Tool/software:
Hi Team,
Use TPS51397A, with an application range of 20V to 5V and a current output of 9.3A. There are the following issues:
1. If the efficiency is 90%, the heat consumption is 5.1W. How to allocate 5.1W of heat consumption to ICs, inductors, capacitors, etc;
2. Do I need to add a 470uF electrolytic capacitor to the output? Or do you have any good suggestions?
Hi Reed,
For your questions:
1. The loss mainly includes the core loss of the inductor, the copper loss of the inductor and the IC loss. You can use Webench Model to get the power loss of this device under your test condition.

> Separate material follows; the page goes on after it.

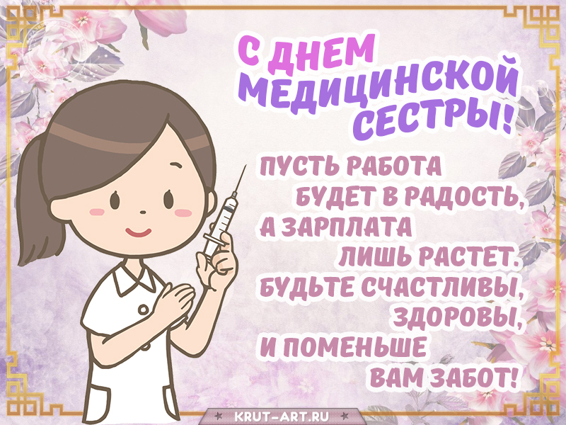 Ты — медицинская сестра, С прекрасной доброю душой, Желаю света и тепла, И чтоб любовь была с тобой.

https://webench.ti.com/power-designer/switching-regulator/customize/130?VinMin=20&VinMax=20&O1V=5&O1I=9.3&base_pn=TPS51397A&AppType=None&Flavor=None&op_TA=30&origin=pf_panel&lang_chosen=en-US&optfactor=3&Topology=Buck&flavor=None&VoltageOption=None
2. Please make sure that the output capacitance does not exceed 330uF. Our chip adopts DCAP3 control mode, and the internal compensation circuit has been added, so there is no need to use a large ESR output capacitor externally.
Thanks.
Aurora